→ **WHAT TO PRODUCE**
Give back the line containing "Menggambar Dan Mewarnai" along with every line after it, exactly, until the entries end.

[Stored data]
★ ★ ★ ★ ★
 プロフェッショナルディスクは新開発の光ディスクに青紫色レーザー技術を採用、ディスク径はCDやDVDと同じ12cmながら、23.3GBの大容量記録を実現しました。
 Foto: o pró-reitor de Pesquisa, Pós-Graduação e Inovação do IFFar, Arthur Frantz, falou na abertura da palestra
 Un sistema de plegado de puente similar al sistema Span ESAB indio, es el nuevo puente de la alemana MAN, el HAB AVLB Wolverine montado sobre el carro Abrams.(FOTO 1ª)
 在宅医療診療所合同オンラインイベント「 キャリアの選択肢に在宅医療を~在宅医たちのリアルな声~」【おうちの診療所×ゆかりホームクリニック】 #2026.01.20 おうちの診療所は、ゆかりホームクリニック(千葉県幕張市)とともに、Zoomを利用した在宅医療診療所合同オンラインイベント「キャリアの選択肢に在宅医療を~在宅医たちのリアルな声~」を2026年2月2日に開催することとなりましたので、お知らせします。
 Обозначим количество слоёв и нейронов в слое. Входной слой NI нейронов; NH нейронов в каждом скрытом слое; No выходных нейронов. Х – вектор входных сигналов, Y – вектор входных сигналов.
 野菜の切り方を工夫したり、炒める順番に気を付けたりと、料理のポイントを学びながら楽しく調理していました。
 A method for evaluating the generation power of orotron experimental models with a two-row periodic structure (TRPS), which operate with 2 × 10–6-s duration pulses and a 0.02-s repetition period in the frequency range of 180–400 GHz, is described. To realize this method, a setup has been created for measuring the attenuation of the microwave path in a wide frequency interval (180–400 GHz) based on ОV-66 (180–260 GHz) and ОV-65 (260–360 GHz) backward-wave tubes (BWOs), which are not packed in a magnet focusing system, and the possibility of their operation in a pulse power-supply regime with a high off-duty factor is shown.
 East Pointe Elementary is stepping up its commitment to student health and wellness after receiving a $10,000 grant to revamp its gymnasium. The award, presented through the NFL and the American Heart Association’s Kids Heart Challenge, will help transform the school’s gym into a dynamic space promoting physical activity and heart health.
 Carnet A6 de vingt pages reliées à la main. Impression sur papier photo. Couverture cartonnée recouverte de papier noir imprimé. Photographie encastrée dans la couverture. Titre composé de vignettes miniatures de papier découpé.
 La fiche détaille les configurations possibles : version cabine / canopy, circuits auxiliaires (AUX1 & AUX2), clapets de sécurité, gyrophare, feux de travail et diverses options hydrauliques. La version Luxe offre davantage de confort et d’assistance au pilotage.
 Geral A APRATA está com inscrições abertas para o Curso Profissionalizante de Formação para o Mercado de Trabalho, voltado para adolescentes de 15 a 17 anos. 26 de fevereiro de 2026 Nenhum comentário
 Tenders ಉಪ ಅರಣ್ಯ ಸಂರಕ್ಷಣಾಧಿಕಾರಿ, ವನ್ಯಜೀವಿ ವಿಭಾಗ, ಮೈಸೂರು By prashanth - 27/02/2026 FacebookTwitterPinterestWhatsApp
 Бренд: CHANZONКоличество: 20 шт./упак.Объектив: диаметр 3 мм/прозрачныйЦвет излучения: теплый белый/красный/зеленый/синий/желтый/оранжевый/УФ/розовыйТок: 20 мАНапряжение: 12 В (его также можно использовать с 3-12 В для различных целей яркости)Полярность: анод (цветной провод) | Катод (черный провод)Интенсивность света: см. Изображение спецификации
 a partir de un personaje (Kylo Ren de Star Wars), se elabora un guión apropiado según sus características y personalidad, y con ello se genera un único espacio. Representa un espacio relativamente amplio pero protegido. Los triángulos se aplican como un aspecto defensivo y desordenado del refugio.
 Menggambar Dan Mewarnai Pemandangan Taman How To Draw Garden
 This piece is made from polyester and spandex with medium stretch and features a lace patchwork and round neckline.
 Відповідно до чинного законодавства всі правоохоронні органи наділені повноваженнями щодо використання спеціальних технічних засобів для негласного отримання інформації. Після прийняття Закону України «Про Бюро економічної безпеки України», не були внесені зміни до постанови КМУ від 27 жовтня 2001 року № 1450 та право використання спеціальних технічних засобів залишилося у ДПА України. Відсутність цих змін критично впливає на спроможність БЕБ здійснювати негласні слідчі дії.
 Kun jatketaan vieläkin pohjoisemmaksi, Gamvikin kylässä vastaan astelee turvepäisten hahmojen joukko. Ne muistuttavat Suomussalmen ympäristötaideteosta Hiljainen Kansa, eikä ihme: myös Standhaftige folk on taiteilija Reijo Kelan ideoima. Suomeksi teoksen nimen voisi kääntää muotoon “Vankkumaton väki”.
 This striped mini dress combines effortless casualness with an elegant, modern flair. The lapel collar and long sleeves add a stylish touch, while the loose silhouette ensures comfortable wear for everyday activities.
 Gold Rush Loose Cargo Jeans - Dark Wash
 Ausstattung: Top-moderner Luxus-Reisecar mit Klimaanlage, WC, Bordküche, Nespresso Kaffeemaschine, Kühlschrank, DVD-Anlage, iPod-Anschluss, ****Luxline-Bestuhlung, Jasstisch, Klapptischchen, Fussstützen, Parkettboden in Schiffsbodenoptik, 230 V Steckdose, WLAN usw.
★ ★ ★ ★ ★
→ **RESULT FOR THIS EXERCISE**
 Menggambar Dan Mewarnai Pemandangan Taman How To Draw Garden
 This piece is made from polyester and spandex with medium stretch and features a lace patchwork and round neckline.
 Відповідно до чинного законодавства всі правоохоронні органи наділені повноваженнями щодо використання спеціальних технічних засобів для негласного отримання інформації. Після прийняття Закону України «Про Бюро економічної безпеки України», не були внесені зміни до постанови КМУ від 27 жовтня 2001 року № 1450 та право використання спеціальних технічних засобів залишилося у ДПА України. Відсутність цих змін критично впливає на спроможність БЕБ здійснювати негласні слідчі дії.
 Kun jatketaan vieläkin pohjoisemmaksi, Gamvikin kylässä vastaan astelee turvepäisten hahmojen joukko. Ne muistuttavat Suomussalmen ympäristötaideteosta Hiljainen Kansa, eikä ihme: myös Standhaftige folk on taiteilija Reijo Kelan ideoima. Suomeksi teoksen nimen voisi kääntää muotoon “Vankkumaton väki”.
 This striped mini dress combines effortless casualness with an elegant, modern flair. The lapel collar and long sleeves add a stylish touch, while the loose silhouette ensures comfortable wear for everyday activities.
 Gold Rush Loose Cargo Jeans - Dark Wash
 Ausstattung: Top-moderner Luxus-Reisecar mit Klimaanlage, WC, Bordküche, Nespresso Kaffeemaschine, Kühlschrank, DVD-Anlage, iPod-Anschluss, ****Luxline-Bestuhlung, Jasstisch, Klapptischchen, Fussstützen, Parkettboden in Schiffsbodenoptik, 230 V Steckdose, WLAN usw.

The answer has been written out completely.